Today's article is quite in-depth, technical and detailed! We explore conversions between different types in Solidity.

We will then cover each possible conversion between types, still using some code examples. So grab a coffee or tea (or a glass of whisky) and let’s get started!

• Implicit vs Explicit — Definition
• Implicit vs Explicit Conversions in Solidity
• Conversion between unsigned integers `uintN`
• Conversion between `bytesN` (eg: `bytes4` <-> `bytes16`)
• Conversions from `uintM` to `bytesN`
• Conversion from `bytesN` to `uintM`
• Conversion from `bytes` to `string`
• Table Summary — `uintM` ← → `bytesN`
• Literal assignments to `bytesN`
• Decimals and Hex Literals assignments `uintN`
• Conversion from `bytes` to `bytesN`
• Conversions to `address` type
• Conversion between `address` and `address payable`
• Conversion between `Contract` and `address` types
• References

Before diving into implicit vs explicit conversion in Solidity, let’s first understand the difference in human language.

Lexico.com gives the following definitions of implicit and explicit.

Implicit = something is suggested, but not directly expressed.

Explicit = something is stated clearly and in detail, leaving no room for confusion or doubt.

When something is explicit, it is very clear. There is no vague understanding or ambiguity

When something is implicit, it is implied. Something is understood from the wording, it is not directly stated or clearly described.

Let’s illustrate with an example. Alice is an employee of Bob. She is looking to express her decision to leave the company if she does not obtain a pay rise. She can express this either:

implicitly: “if I am not being shown more appreciation, I will review my options.”

explicitly: “if I do not obtain a pay rise, I’ll leave.”

All programming languages support some type of conversion.

Solidity also allows type conversion. Type conversion in Solidity can occur in three main scenarios:

• through variable assignments.
• when passing arguments to functions.
• when applying operators.

Type conversion can be done either implicitly (= the compiler derives the type automatically) or by being explicit to the compiler (= by telling the compiler which type to convert to).

Let’s look in detail at the underlying rules of implicit vs explicit conversions for the Solidity compiler.

## Implicit Conversion

Implicit conversion between two data types is allowed in Solidity if:

• it makes sense semantically (what does that mean?)
• no information is lost in the process.

Examples:

• `uint8` to `uint16` = ✅
• `int120` to `int256` = ✅
• `int8` to `uint256` = ❌ (because an `uint256` cannot hold negative values that could potentially come from the `int8`).

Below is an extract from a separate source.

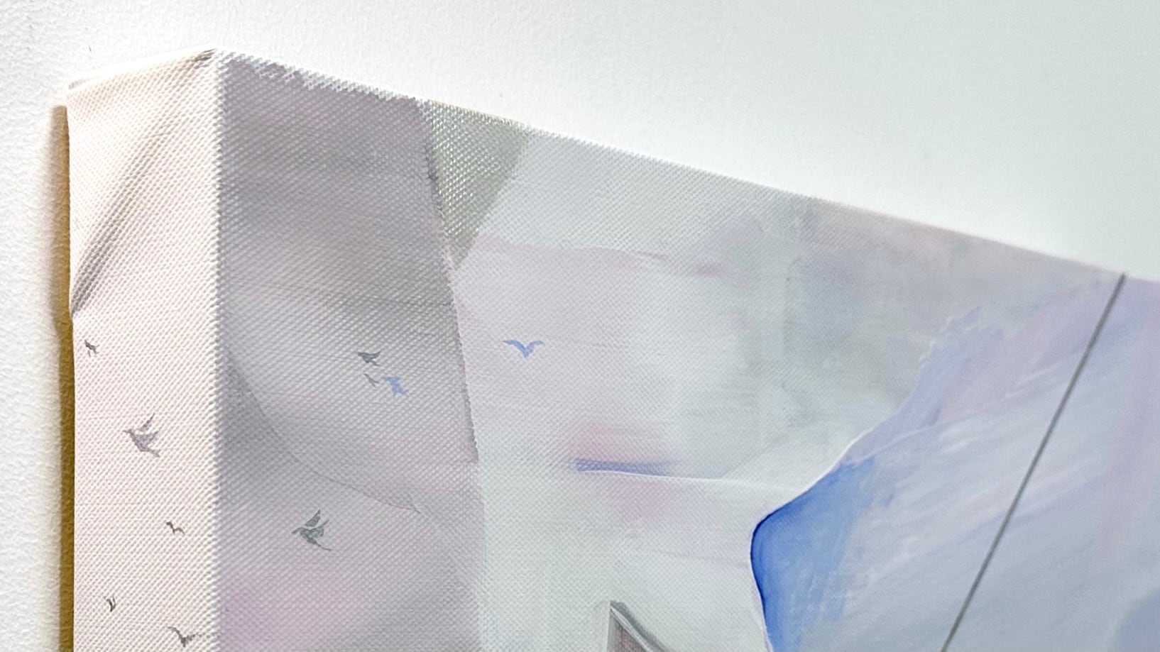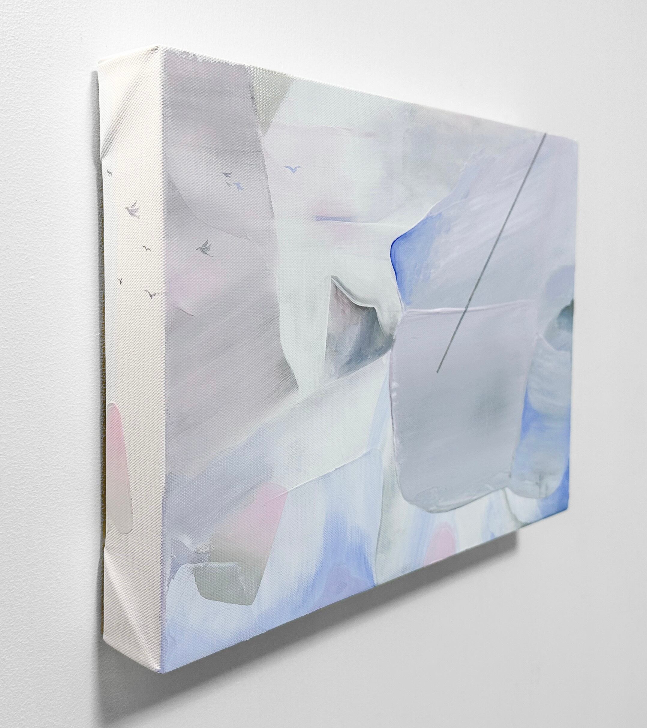 作品は、はじめにのせた白・青・桃色の3色の混ざり合いや絵具の盛り上がりから、想像が広がって、曲線や直線が引かれ、鳥が羽ばたく景色や、冬の雪原などの具体的なイメージが浮かび上がっていきました。

You can see from the last example above that the Solidity compiler does not allow implicit conversion when some information can potentially be lost.

To illustrate using the last example, if the value of the `int8` was `-5`, the compiler would have to drop the negation in order to convert it to an allowed `uint256` number. This conversion leads to information loss in the data, and the Solidity compiler is smart enough to know that and warn you.

However, if you “do not agree with the compiler”, or if you want to “enforce some conversions”, you can always tell the compiler what to do by being explicit.

## Explicit conversion

If the compiler does not allow implicit conversion but you know what you are doing, an explicit type conversion is sometimes possible.

Explicit conversion can be done through casting or a constructor-like syntax.

`uint256 a = 12345;bytes32 b = bytes32(a);`

However, explicit conversion can be risky, as described in the Solidity docs.

This may result in unexpected behaviour and allows you to bypass some security features of the compiler, so be sure to test that the result is what you want and expect!

## Definitions summary

Here is a two sentences summary of implicit vs explicit conversion in Solidity.

When converting from type `A` to type `B` in Solidity, some information in the data can be lost during the conversion process.

• with implicit conversion: you might not be aware of the (potential) information being lost.

If some information is actually lost, the compiler will refuse to compile and throws an error ❌

• with explicit conversion: you are fully aware that some information could be lost.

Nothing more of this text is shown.